> **TASK PROMPT**
Retype the lines below exactly, but only those from the line that has "Vstup na lávku" through the line that has "Exxact 1-vägsuttag från". Omit every picture.

══ DATASET ══

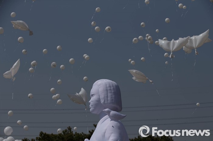 (화성=포커스뉴스) 15일 오전 경기도 화성시 제암리 3.1운동 순국 기념관에서 열린 '4.15 제암, 고주리 학살사건 희생자 추모제'에서 희생자의 넋을 기리는 풍선이 날아가고 있다.
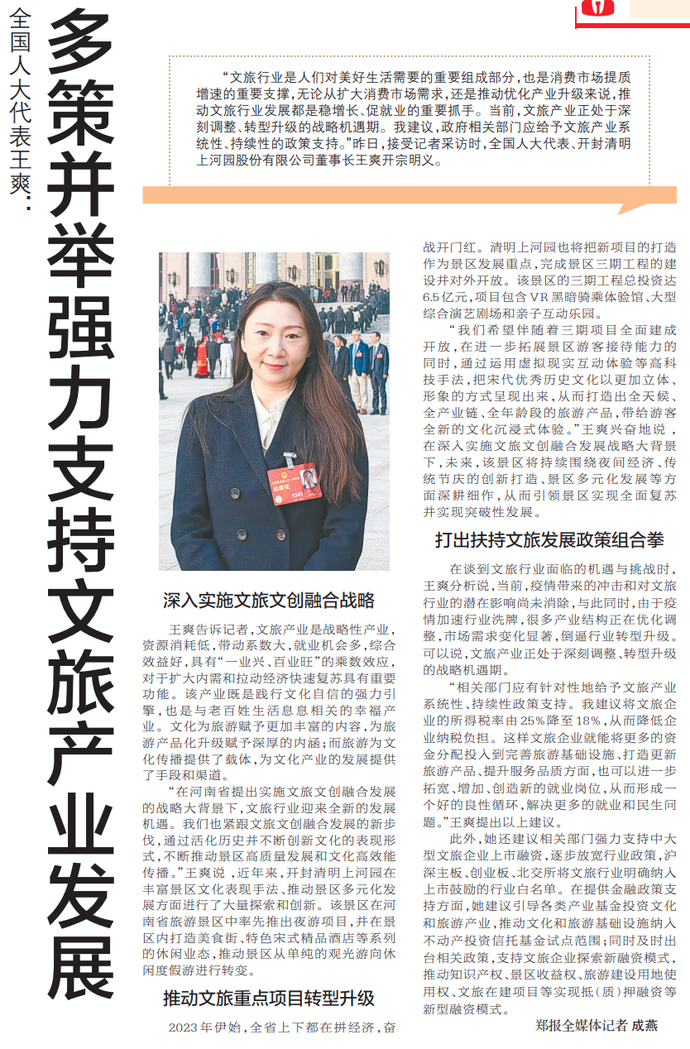 “文旅行业是人们对美好生活需要的重要组成部分,也是消费市场提质增速的重要支撑,无论从扩大消费市场需求,还是推动优化产业升级来说,推动文旅行业发展都是稳增长、促就业的重要抓手。当前,文旅产业正处于深刻调整、转型升级的战略机遇期。我建议,政府相关部门应给予文旅产业系统性、持续性的政策支持。”昨日,接受记者采访时,全国人大代表、开封清明上河园股份有限公司董事长王爽开宗明义。(今日《郑州日报》6版)
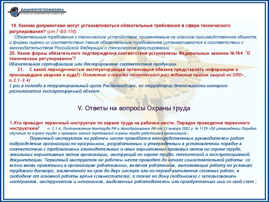 промышленной безопасности и охраны труда, «Технической инструкции
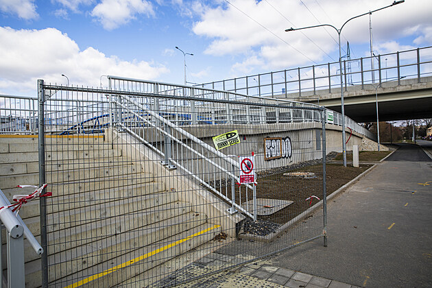 Vstup na lávku přes řeku Svitavu u brněnského Tomková náměstí je stále zavřený, i když měla začít sloužit už v roce 2022. (17. března 2025)
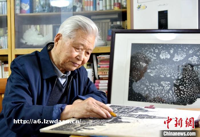 李训哲老人尽管已是耄耋之年,但是他依然坚持版画创作。
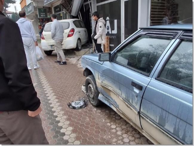 Ancak aracın durmaya niyeti yoktu; kontrolden çıkan otomobil, cadde üzerindeki bir fotoğrafçı dükkanının camlarını tuzla buz ederek içeri girdi.
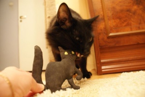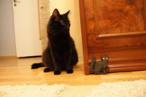 Вот фото черного кота без другого черного кота. У меня дома очень темно, хоть при эл. свете, хоть при дневном, вот что получилось. Может еще на улице щелкнуть?
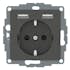 Exxact 1-vägsuttag från Schneider Electrics med 2 x USB laddning 2,4A Typ A, jordat, snabbanslutning, inkl klor, petskyddat för infälld montering i apparatdosa c/c 60mm. För utanpåliggande montage används dosa 35mm. Kompletteras med valfri Exxact-ram.
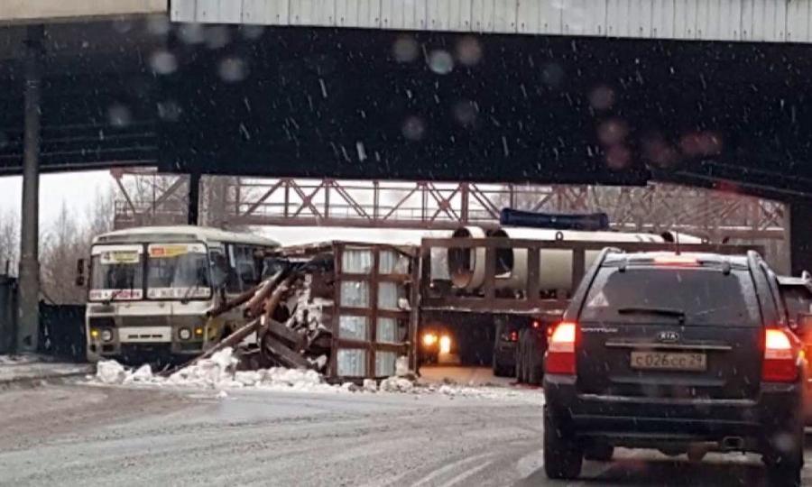 По информации городской ГИБДД, водитель тягача не справился с управлением, и при повороте груз упал на проезжую часть. Контейнер задел легковой автомобиль и автобус 4 маршрута. По предварительным данным, пострадавших нет.
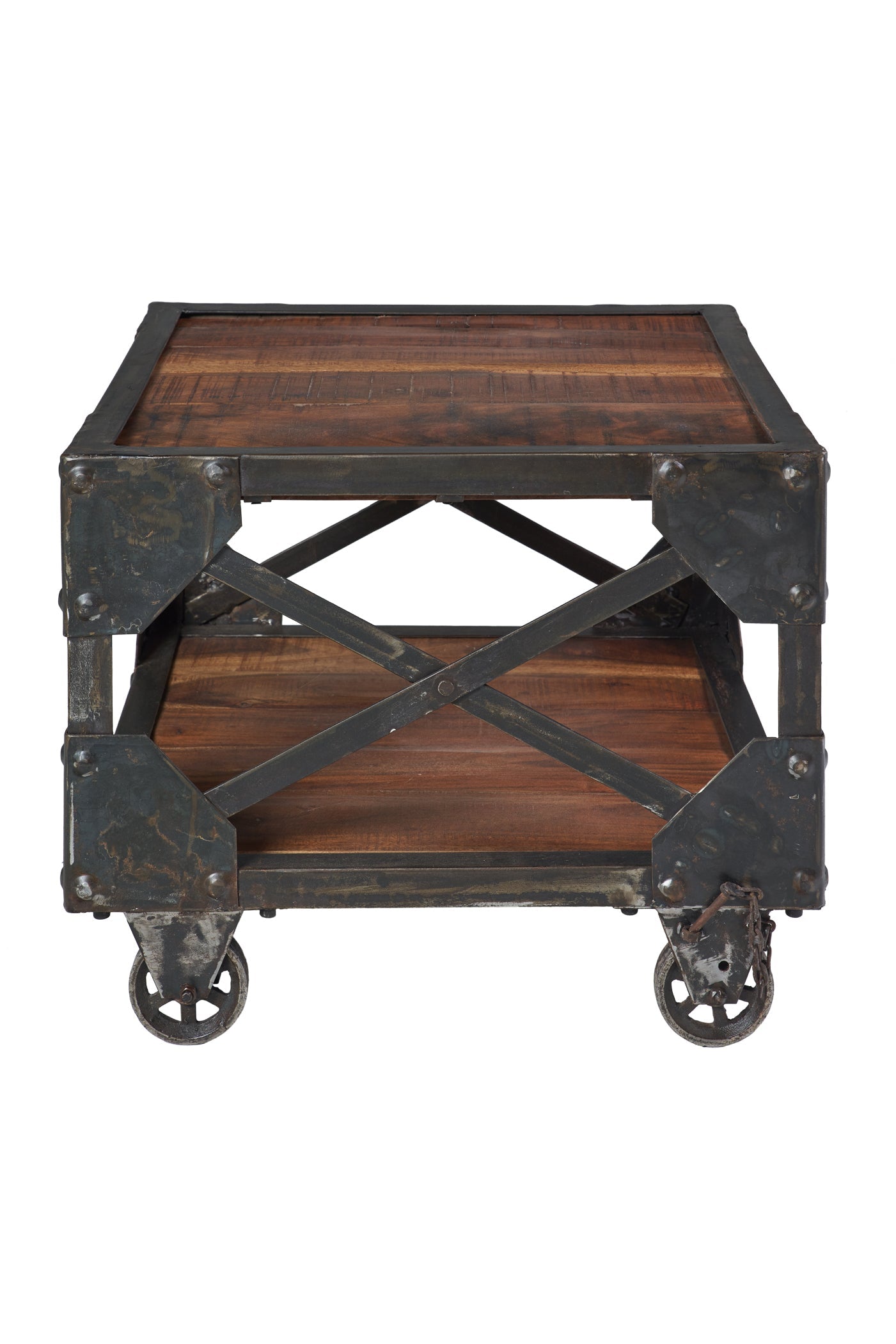 Bristol-tavolino quadrato con ruote legno di recupero e...

═══

> **TASK ANSWER**
 Vstup na lávku přes řeku Svitavu u brněnského Tomková náměstí je stále zavřený, i když měla začít sloužit už v roce 2022. (17. března 2025)
 李训哲老人尽管已是耄耋之年,但是他依然坚持版画创作。
 Ancak aracın durmaya niyeti yoktu; kontrolden çıkan otomobil, cadde üzerindeki bir fotoğrafçı dükkanının camlarını tuzla buz ederek içeri girdi.
 Вот фото черного кота без другого черного кота. У меня дома очень темно, хоть при эл. свете, хоть при дневном, вот что получилось. Может еще на улице щелкнуть?
 Exxact 1-vägsuttag från Schneider Electrics med 2 x USB laddning 2,4A Typ A, jordat, snabbanslutning, inkl klor, petskyddat för infälld montering i apparatdosa c/c 60mm. För utanpåliggande montage används dosa 35mm. Kompletteras med valfri Exxact-ram.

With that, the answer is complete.